→ Task:
From the first line to the last, return the data exactly, with no pictures.

→ Data shown:
--------------------

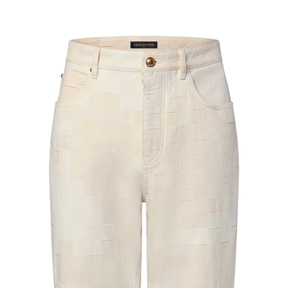 Луи Виттон Демофлейдж Жаккардовые Джинсовые Скейтерские Штаны Экрю
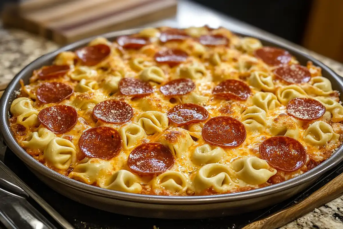 When pizza meets pasta, you get the ultimate comfort food mash-up — and cheese tortellini pepperoni pizza casserole is exactly that. This dish brings the best of both worlds into one bubbly, cheesy, pepperoni-loaded bake that’s perfect for family dinners, potlucks, or even picky eaters who love both pizza and pasta.
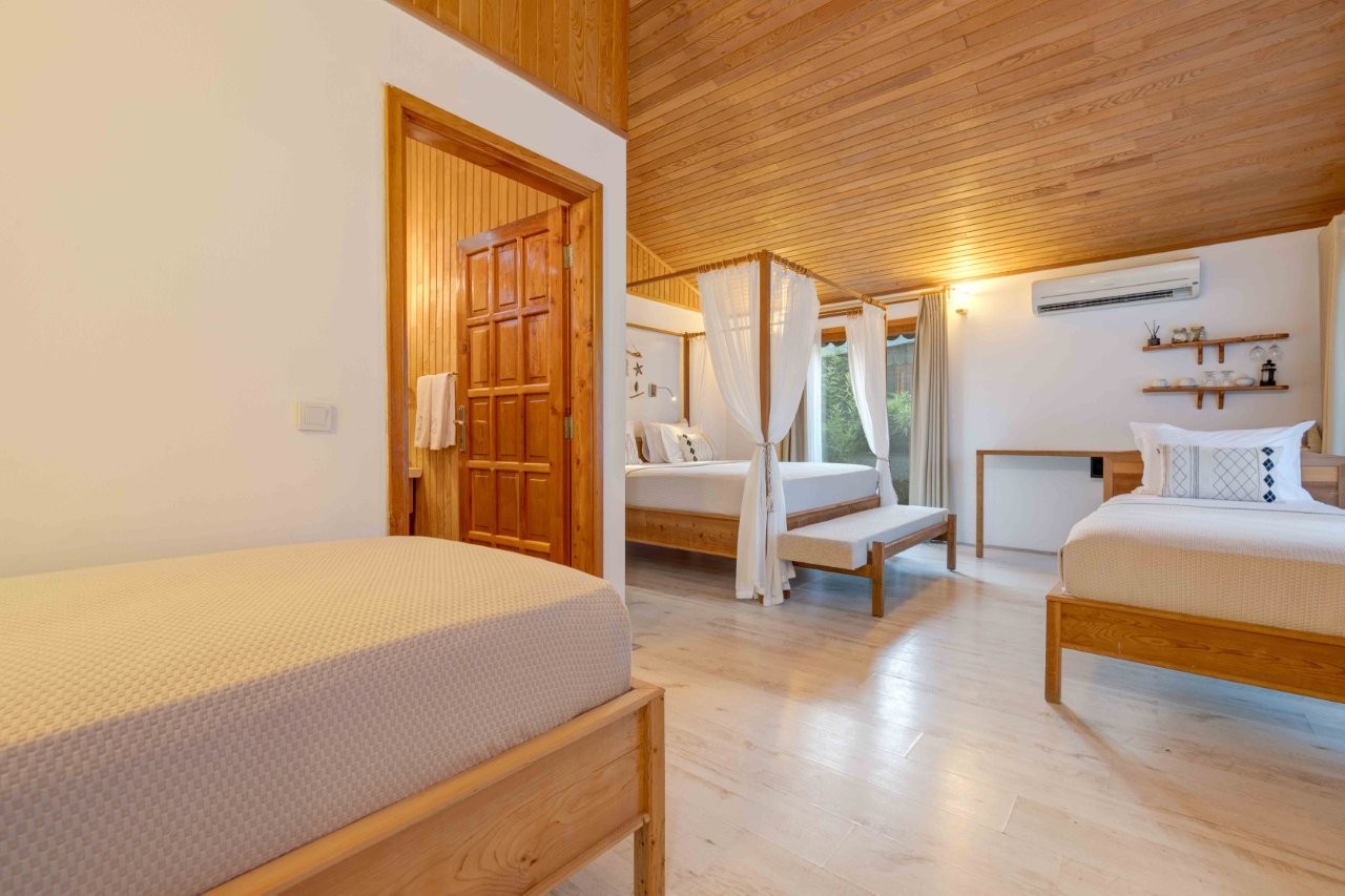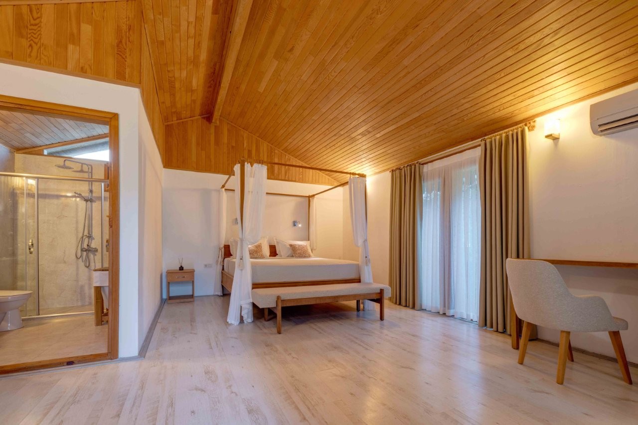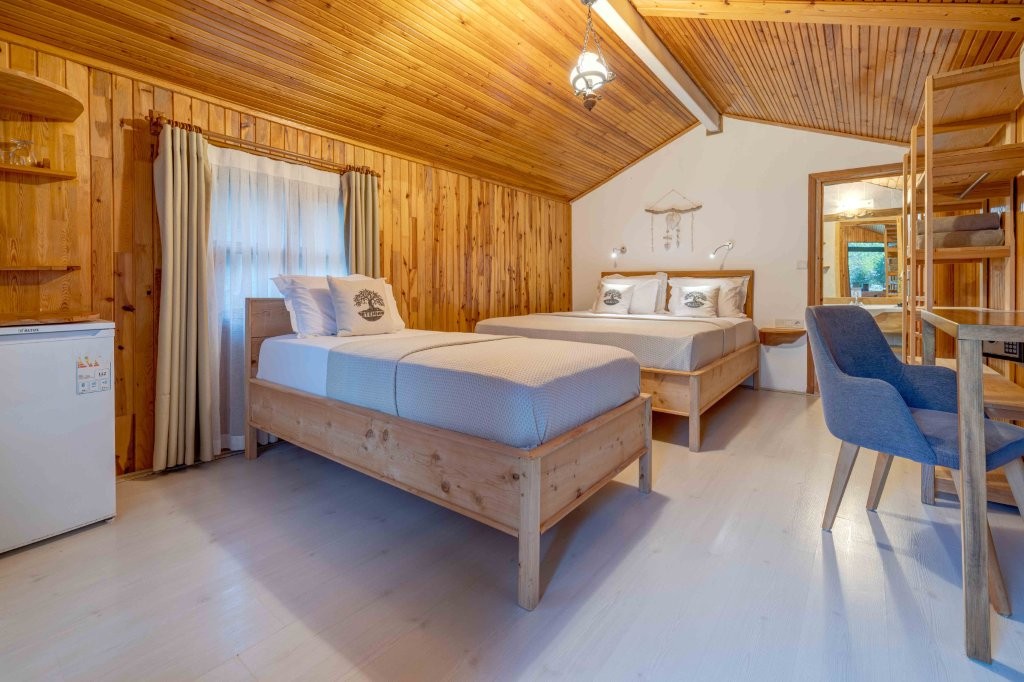 Eingebettet in einem schönen Garten aus verschiedenen Bäumen, Blumen und Kieselpfaden verzaubern die gepflegten Bungalows mit ihrem ganz eigenen Charme. Jedes der 17 freistehenden Holzhäuschen ist freundlich eingerichtet und verfügt über eine Klimaanlage, Internet (Wi-Fi), Mini-Bar, Tee-/Kaffeestation, Kühlschrank sowie ein modernes Badezimmer. Orthopädische Betten sorgen für einen besonders erholsamen Schlaf. Die gemütliche Veranda und dazugehörige Hängematte laden während diesem Individualurlaub zum Entspannen ein. Von Ihrem Bungalow aus sind es nur wenige Schritte zum kilometerlangen Sandstrand. Sonnenschirme und Liegestühle stehen den Hausgästen während des Türkei-Strandurlaubs gratis zur Verfügung.

--------------------

→ Your response:
 Луи Виттон Демофлейдж Жаккардовые Джинсовые Скейтерские Штаны Экрю
 When pizza meets pasta, you get the ultimate comfort food mash-up — and cheese tortellini pepperoni pizza casserole is exactly that. This dish brings the best of both worlds into one bubbly, cheesy, pepperoni-loaded bake that’s perfect for family dinners, potlucks, or even picky eaters who love both pizza and pasta.
 Eingebettet in einem schönen Garten aus verschiedenen Bäumen, Blumen und Kieselpfaden verzaubern die gepflegten Bungalows mit ihrem ganz eigenen Charme. Jedes der 17 freistehenden Holzhäuschen ist freundlich eingerichtet und verfügt über eine Klimaanlage, Internet (Wi-Fi), Mini-Bar, Tee-/Kaffeestation, Kühlschrank sowie ein modernes Badezimmer. Orthopädische Betten sorgen für einen besonders erholsamen Schlaf. Die gemütliche Veranda und dazugehörige Hängematte laden während diesem Individualurlaub zum Entspannen ein. Von Ihrem Bungalow aus sind es nur wenige Schritte zum kilometerlangen Sandstrand. Sonnenschirme und Liegestühle stehen den Hausgästen während des Türkei-Strandurlaubs gratis zur Verfügung.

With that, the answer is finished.